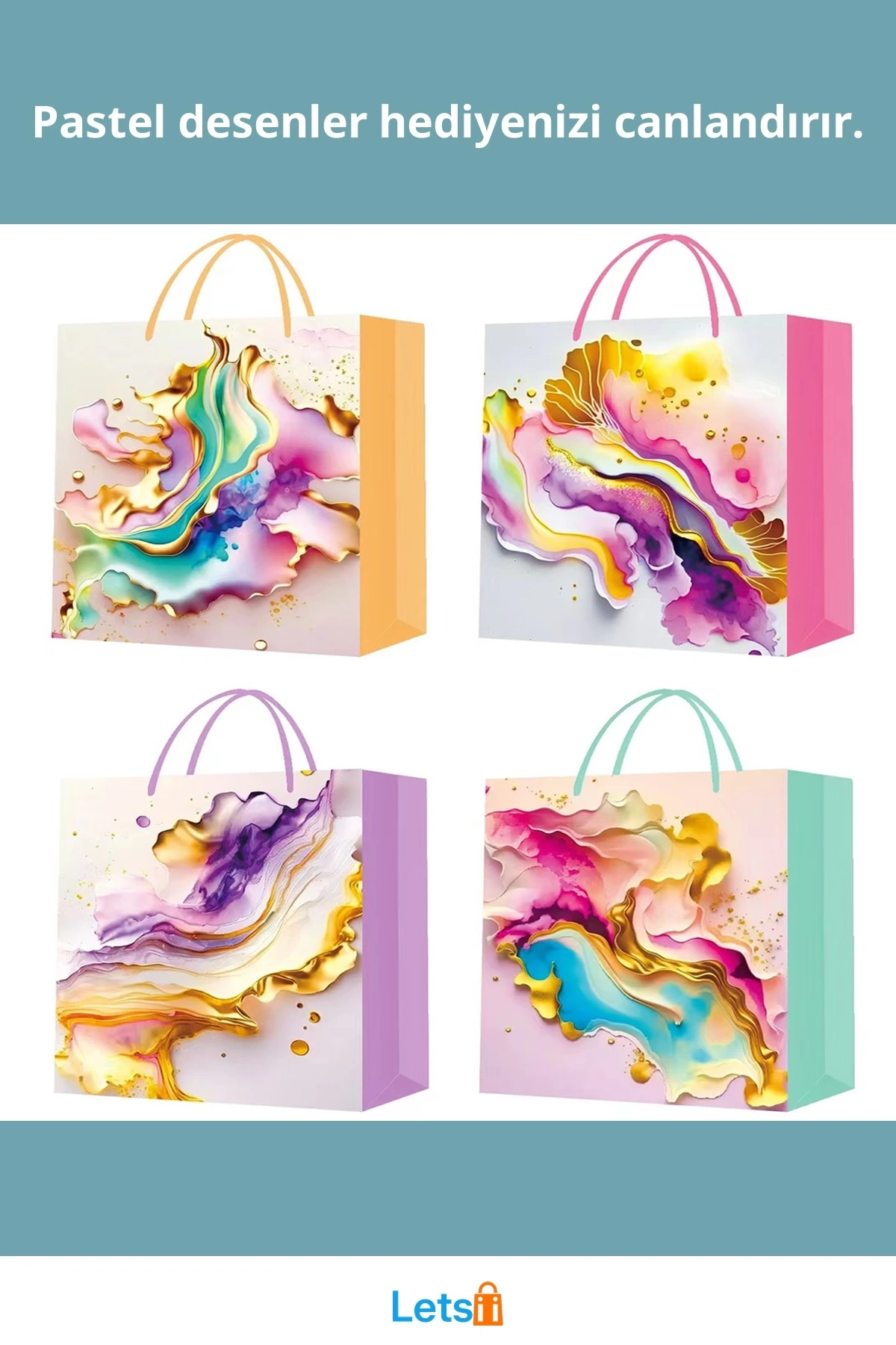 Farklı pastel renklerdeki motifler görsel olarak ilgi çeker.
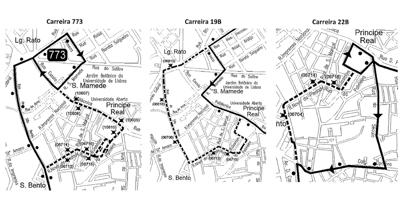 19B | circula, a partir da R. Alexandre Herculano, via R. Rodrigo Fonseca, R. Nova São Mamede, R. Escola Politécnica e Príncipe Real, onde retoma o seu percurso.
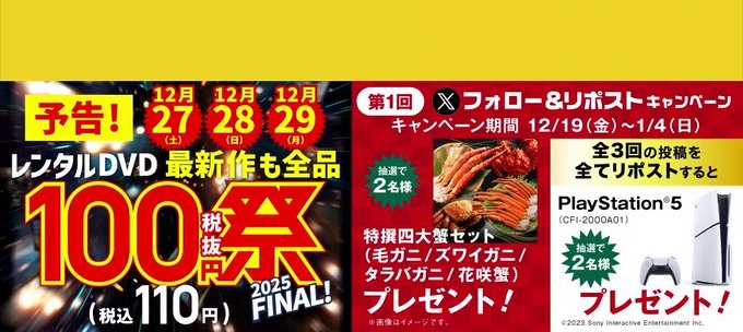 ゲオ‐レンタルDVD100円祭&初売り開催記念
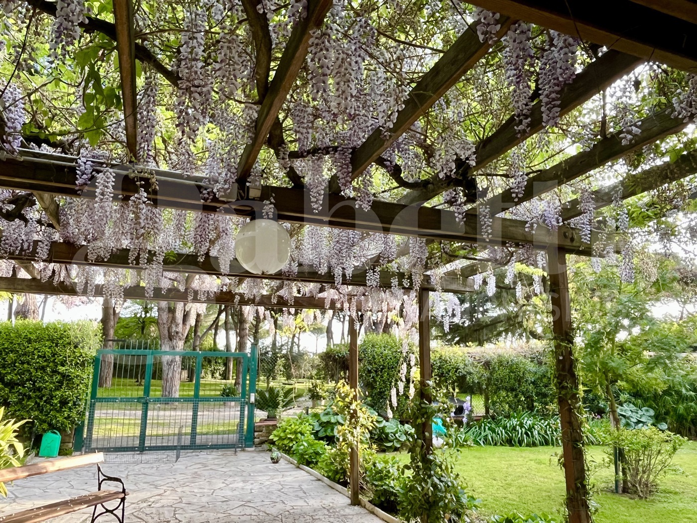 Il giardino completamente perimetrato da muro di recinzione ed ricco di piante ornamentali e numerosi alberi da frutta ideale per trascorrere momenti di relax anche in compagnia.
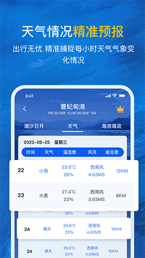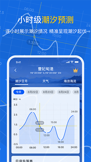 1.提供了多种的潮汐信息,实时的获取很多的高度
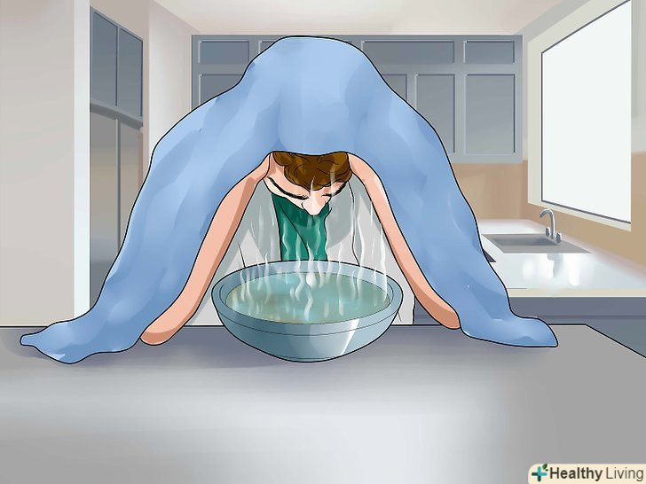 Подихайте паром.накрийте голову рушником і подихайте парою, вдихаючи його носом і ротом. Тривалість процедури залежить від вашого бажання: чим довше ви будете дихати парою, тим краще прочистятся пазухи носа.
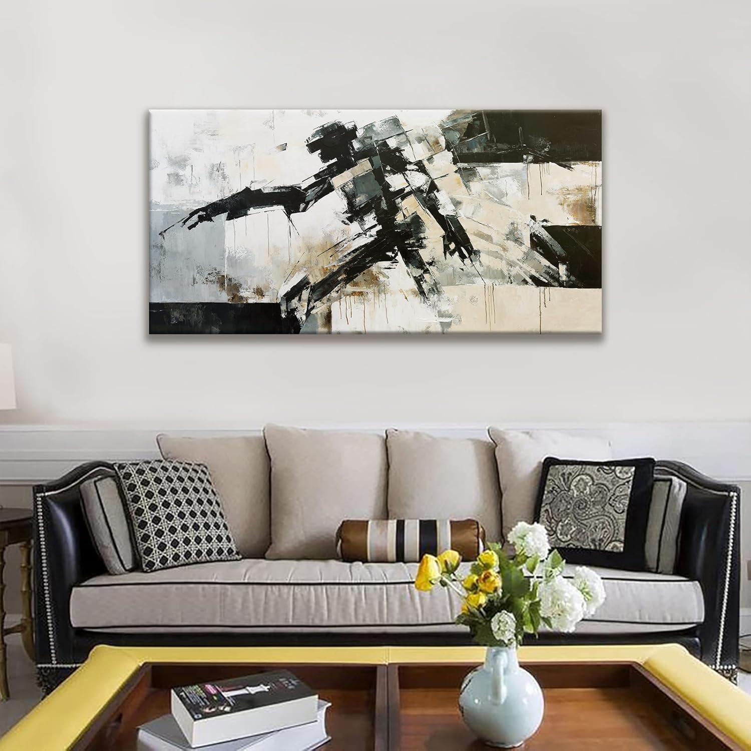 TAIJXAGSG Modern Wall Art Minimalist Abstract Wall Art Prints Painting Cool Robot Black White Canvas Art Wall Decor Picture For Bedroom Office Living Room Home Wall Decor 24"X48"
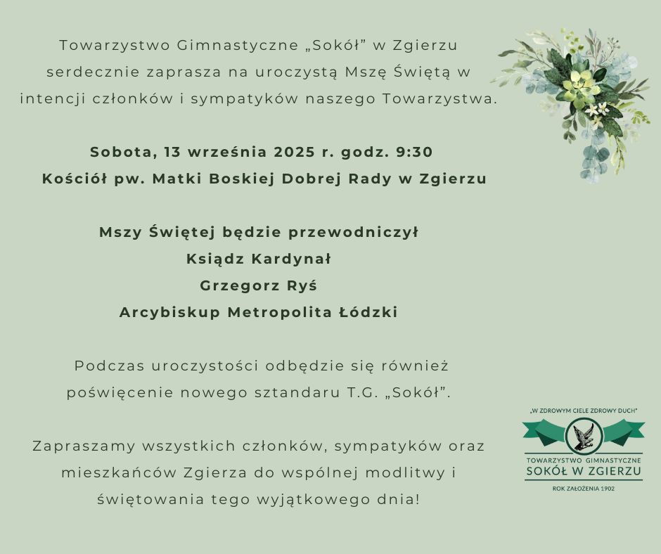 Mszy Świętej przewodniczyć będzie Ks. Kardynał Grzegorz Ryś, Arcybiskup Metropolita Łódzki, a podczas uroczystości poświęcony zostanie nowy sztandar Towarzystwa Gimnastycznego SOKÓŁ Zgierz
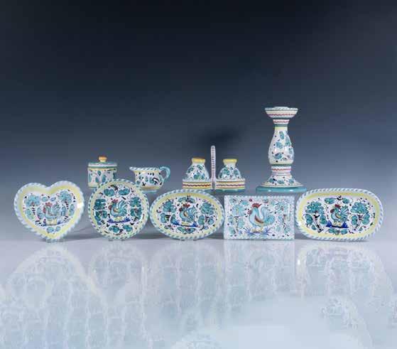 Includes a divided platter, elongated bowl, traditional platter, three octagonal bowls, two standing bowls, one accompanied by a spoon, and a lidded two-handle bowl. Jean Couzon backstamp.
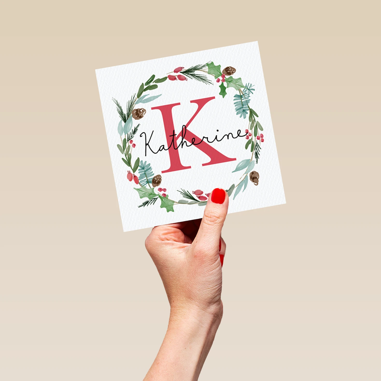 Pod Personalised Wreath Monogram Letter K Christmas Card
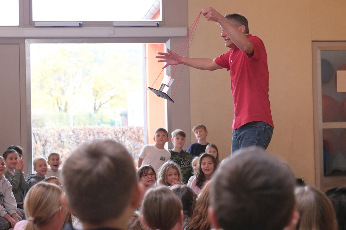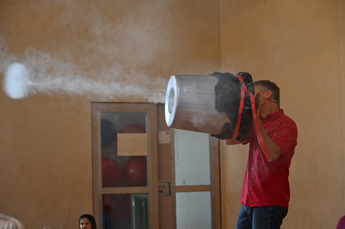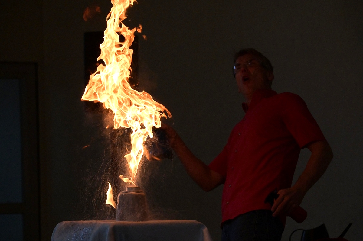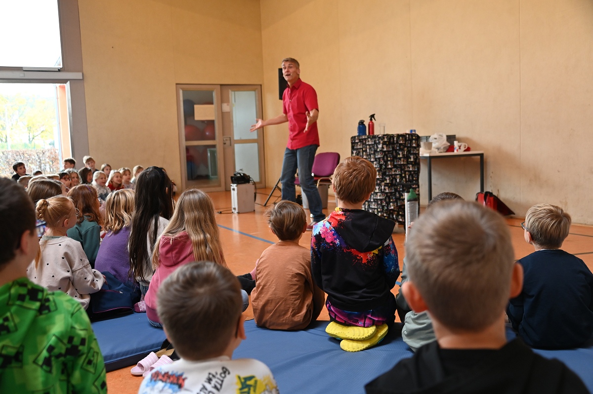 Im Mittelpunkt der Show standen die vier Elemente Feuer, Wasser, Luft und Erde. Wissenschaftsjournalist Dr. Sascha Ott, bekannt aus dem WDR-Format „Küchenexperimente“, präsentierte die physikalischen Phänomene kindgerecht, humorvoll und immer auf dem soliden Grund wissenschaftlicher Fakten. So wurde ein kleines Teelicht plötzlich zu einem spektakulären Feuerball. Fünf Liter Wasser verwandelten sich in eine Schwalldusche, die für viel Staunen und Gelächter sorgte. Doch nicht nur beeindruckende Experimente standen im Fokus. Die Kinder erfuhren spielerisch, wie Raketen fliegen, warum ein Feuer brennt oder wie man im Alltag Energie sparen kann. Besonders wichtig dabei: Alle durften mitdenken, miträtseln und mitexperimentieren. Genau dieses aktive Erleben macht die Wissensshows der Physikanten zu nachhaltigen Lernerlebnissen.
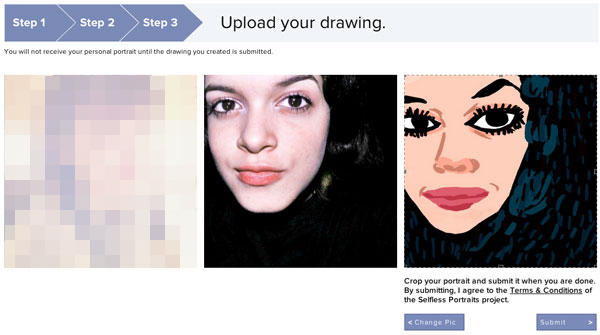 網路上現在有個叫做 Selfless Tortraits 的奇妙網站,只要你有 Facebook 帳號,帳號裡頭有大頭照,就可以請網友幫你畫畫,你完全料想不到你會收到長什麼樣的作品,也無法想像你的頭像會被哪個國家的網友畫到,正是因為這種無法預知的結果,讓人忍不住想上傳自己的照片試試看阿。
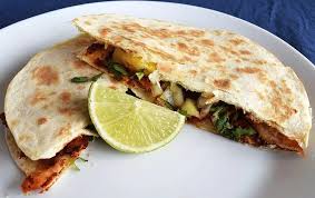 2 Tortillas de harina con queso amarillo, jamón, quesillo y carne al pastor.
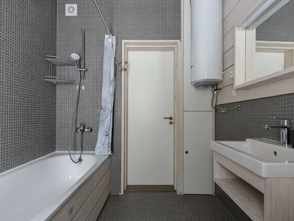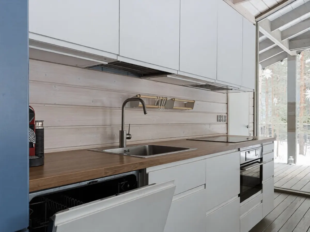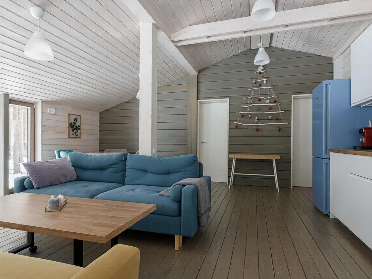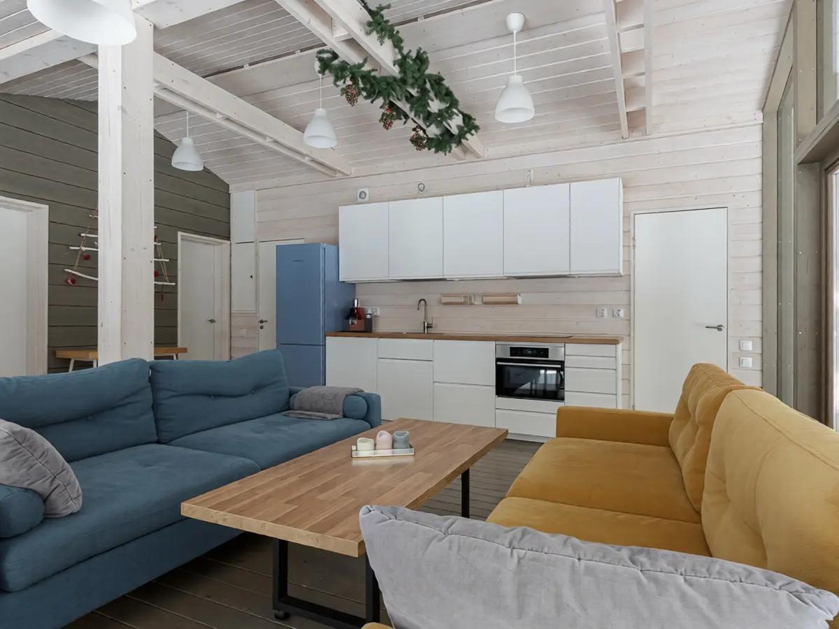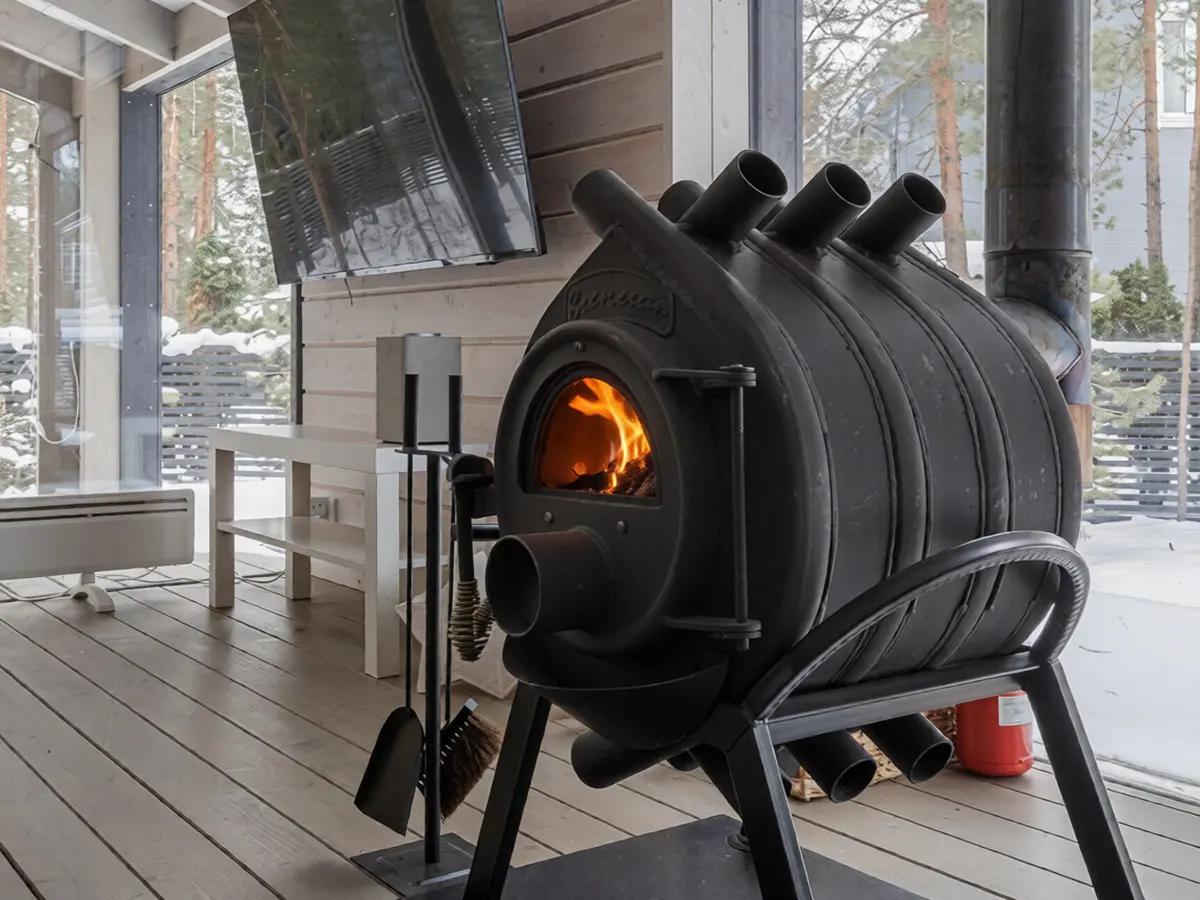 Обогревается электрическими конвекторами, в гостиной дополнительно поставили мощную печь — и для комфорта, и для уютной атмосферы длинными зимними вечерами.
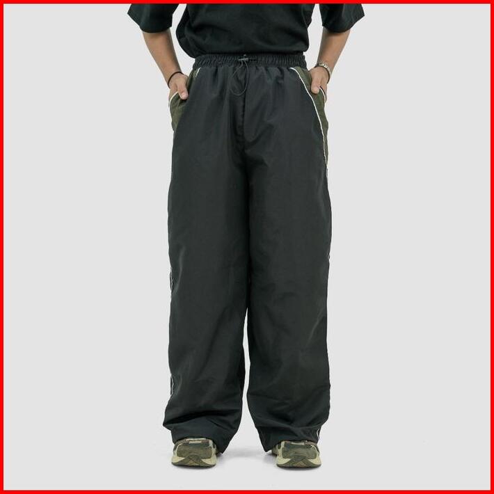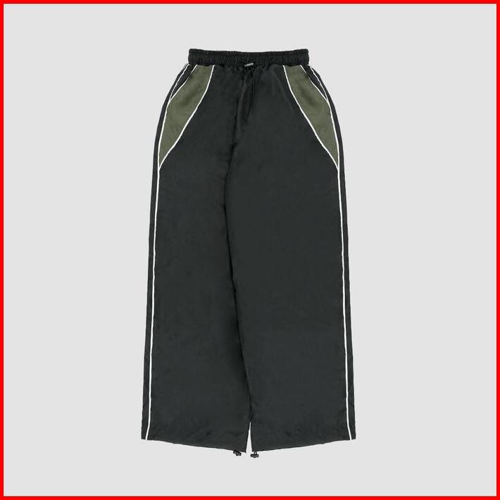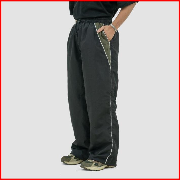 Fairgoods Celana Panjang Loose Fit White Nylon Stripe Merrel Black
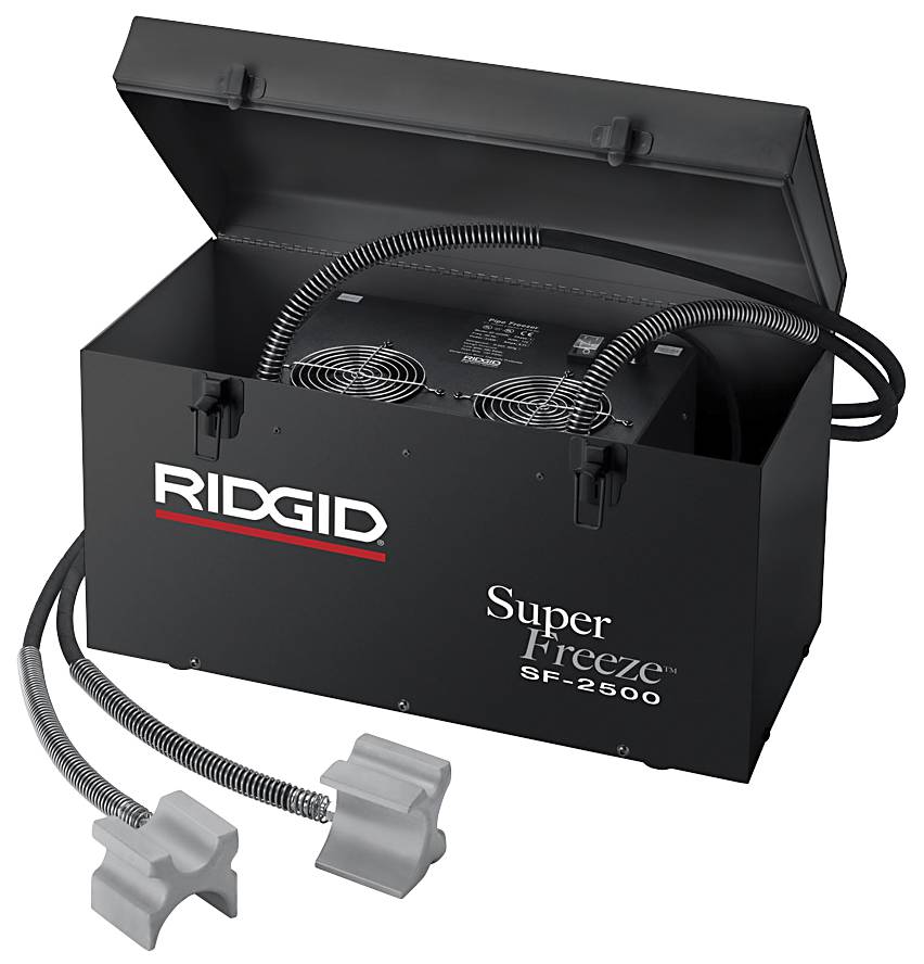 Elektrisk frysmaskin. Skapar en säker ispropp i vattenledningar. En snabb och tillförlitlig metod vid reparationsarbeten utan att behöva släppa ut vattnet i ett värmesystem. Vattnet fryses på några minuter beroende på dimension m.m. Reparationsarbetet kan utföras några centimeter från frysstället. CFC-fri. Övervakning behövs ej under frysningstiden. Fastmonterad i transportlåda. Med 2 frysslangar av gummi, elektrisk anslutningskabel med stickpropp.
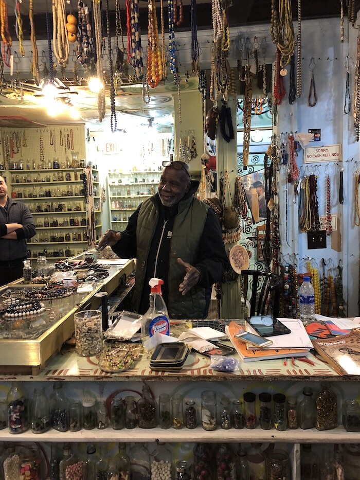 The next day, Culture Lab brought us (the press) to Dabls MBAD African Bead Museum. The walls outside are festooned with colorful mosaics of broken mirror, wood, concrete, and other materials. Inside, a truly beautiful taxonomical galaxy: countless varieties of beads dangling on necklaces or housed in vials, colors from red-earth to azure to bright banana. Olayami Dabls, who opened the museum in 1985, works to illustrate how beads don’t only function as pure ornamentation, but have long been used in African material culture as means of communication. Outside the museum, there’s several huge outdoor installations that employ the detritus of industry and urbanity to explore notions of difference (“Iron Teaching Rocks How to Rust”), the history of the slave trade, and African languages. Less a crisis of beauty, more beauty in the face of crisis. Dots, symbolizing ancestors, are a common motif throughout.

- **TASK PROMPT**: Write out the data above precisely. Pictures stay out.

- **SOLUTION TO THE EXERCISE**:
 Farklı pastel renklerdeki motifler görsel olarak ilgi çeker.
 19B | circula, a partir da R. Alexandre Herculano, via R. Rodrigo Fonseca, R. Nova São Mamede, R. Escola Politécnica e Príncipe Real, onde retoma o seu percurso.
 ゲオ‐レンタルDVD100円祭&初売り開催記念
 Il giardino completamente perimetrato da muro di recinzione ed ricco di piante ornamentali e numerosi alberi da frutta ideale per trascorrere momenti di relax anche in compagnia.
 1.提供了多种的潮汐信息,实时的获取很多的高度
 Подихайте паром.накрийте голову рушником і подихайте парою, вдихаючи його носом і ротом. Тривалість процедури залежить від вашого бажання: чим довше ви будете дихати парою, тим краще прочистятся пазухи носа.
 TAIJXAGSG Modern Wall Art Minimalist Abstract Wall Art Prints Painting Cool Robot Black White Canvas Art Wall Decor Picture For Bedroom Office Living Room Home Wall Decor 24"X48"
 Mszy Świętej przewodniczyć będzie Ks. Kardynał Grzegorz Ryś, Arcybiskup Metropolita Łódzki, a podczas uroczystości poświęcony zostanie nowy sztandar Towarzystwa Gimnastycznego SOKÓŁ Zgierz
 Includes a divided platter, elongated bowl, traditional platter, three octagonal bowls, two standing bowls, one accompanied by a spoon, and a lidded two-handle bowl. Jean Couzon backstamp.
 Pod Personalised Wreath Monogram Letter K Christmas Card
 Im Mittelpunkt der Show standen die vier Elemente Feuer, Wasser, Luft und Erde. Wissenschaftsjournalist Dr. Sascha Ott, bekannt aus dem WDR-Format „Küchenexperimente“, präsentierte die physikalischen Phänomene kindgerecht, humorvoll und immer auf dem soliden Grund wissenschaftlicher Fakten. So wurde ein kleines Teelicht plötzlich zu einem spektakulären Feuerball. Fünf Liter Wasser verwandelten sich in eine Schwalldusche, die für viel Staunen und Gelächter sorgte. Doch nicht nur beeindruckende Experimente standen im Fokus. Die Kinder erfuhren spielerisch, wie Raketen fliegen, warum ein Feuer brennt oder wie man im Alltag Energie sparen kann. Besonders wichtig dabei: Alle durften mitdenken, miträtseln und mitexperimentieren. Genau dieses aktive Erleben macht die Wissensshows der Physikanten zu nachhaltigen Lernerlebnissen.
 網路上現在有個叫做 Selfless Tortraits 的奇妙網站,只要你有 Facebook 帳號,帳號裡頭有大頭照,就可以請網友幫你畫畫,你完全料想不到你會收到長什麼樣的作品,也無法想像你的頭像會被哪個國家的網友畫到,正是因為這種無法預知的結果,讓人忍不住想上傳自己的照片試試看阿。
 2 Tortillas de harina con queso amarillo, jamón, quesillo y carne al pastor.
 Обогревается электрическими конвекторами, в гостиной дополнительно поставили мощную печь — и для комфорта, и для уютной атмосферы длинными зимними вечерами.
 Fairgoods Celana Panjang Loose Fit White Nylon Stripe Merrel Black
 Elektrisk frysmaskin. Skapar en säker ispropp i vattenledningar. En snabb och tillförlitlig metod vid reparationsarbeten utan att behöva släppa ut vattnet i ett värmesystem. Vattnet fryses på några minuter beroende på dimension m.m. Reparationsarbetet kan utföras några centimeter från frysstället. CFC-fri. Övervakning behövs ej under frysningstiden. Fastmonterad i transportlåda. Med 2 frysslangar av gummi, elektrisk anslutningskabel med stickpropp.
 The next day, Culture Lab brought us (the press) to Dabls MBAD African Bead Museum. The walls outside are festooned with colorful mosaics of broken mirror, wood, concrete, and other materials. Inside, a truly beautiful taxonomical galaxy: countless varieties of beads dangling on necklaces or housed in vials, colors from red-earth to azure to bright banana. Olayami Dabls, who opened the museum in 1985, works to illustrate how beads don’t only function as pure ornamentation, but have long been used in African material culture as means of communication. Outside the museum, there’s several huge outdoor installations that employ the detritus of industry and urbanity to explore notions of difference (“Iron Teaching Rocks How to Rust”), the history of the slave trade, and African languages. Less a crisis of beauty, more beauty in the face of crisis. Dots, symbolizing ancestors, are a common motif throughout.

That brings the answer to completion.